Dave “stretched his legs” for a good five minutes. Then the motor car began to roll forward again. Tom didn’t scorch exactly—he knew that Bob Somers’ watchful eye was upon him—but several times Charlie Blake’s nerves received severe jolts, as trees and telegraph poles by the roadside seemed to be whirled by with bewildering rapidity.

“Kenosha, Wisconsin, fellows!” exclaimed Bob, at length, half rising from his seat.
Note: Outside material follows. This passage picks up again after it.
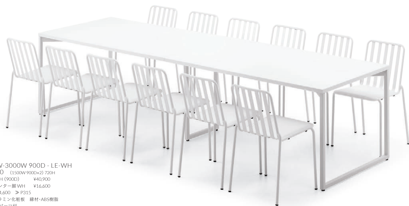
T18 MW-3000W 900D - LE-WH ¥179,300 (1500W 900D×2) 720H 脚部:LE-WH (900D) ¥40,900 LEセンター脚 WH ¥16,600 天板: ¥104,600 > P315 表面材:メラミン化粧板 縁材:ABS樹脂 ○反り止めパーツ付 チェア:ボワロ2WH (P156)

“Kenosha!” echoed all but Victor.

“The first lap of our journey is done!” cried Dave.

CHAPTER III
THE “FEARLESS”

Leaving the motor car at a garage, the boys made their way to the harbor. Down by the river they found a great deal to attract their attention. Factories with tall chimneys sent columns of smoke whirling upward; schooners, barges and a number of smaller craft were moored along the stream; and these, together with picturesque buildings, big lumber sheds or great pilings presented so many pleasing combinations to the eye that the artistic soul of Dave was enraptured.

The smell of fresh water was in the air, and along with it came a faint odor of things belonging to shipping. The gurgle and splash of lapping waves and the creaking of boats vainly tugging at their moorings formed a steady accompaniment to the occasional puffing of passing tugs or the hoarse blasts of whistles.

Close alongside a big lumber schooner the boys, who had taken turns in carrying Victor’s heavy luggage, finally discovered the motor yacht “Fearless.”

A big, burly man busy at some work on the wharf looked up as they approached.

Captain Ralph Bunderley had been successively the master of a barge, a coastwise schooner and a windjammer on the Atlantic. Having been left a comfortable fortune by a relative, he finally retired from the sea, but, feeling that to get away from the sight of land occasionally was as necessary to him as water to a fish, he had built a motor yacht some sixty feet in length designed for speed, as well as to withstand the rough weather on the lake.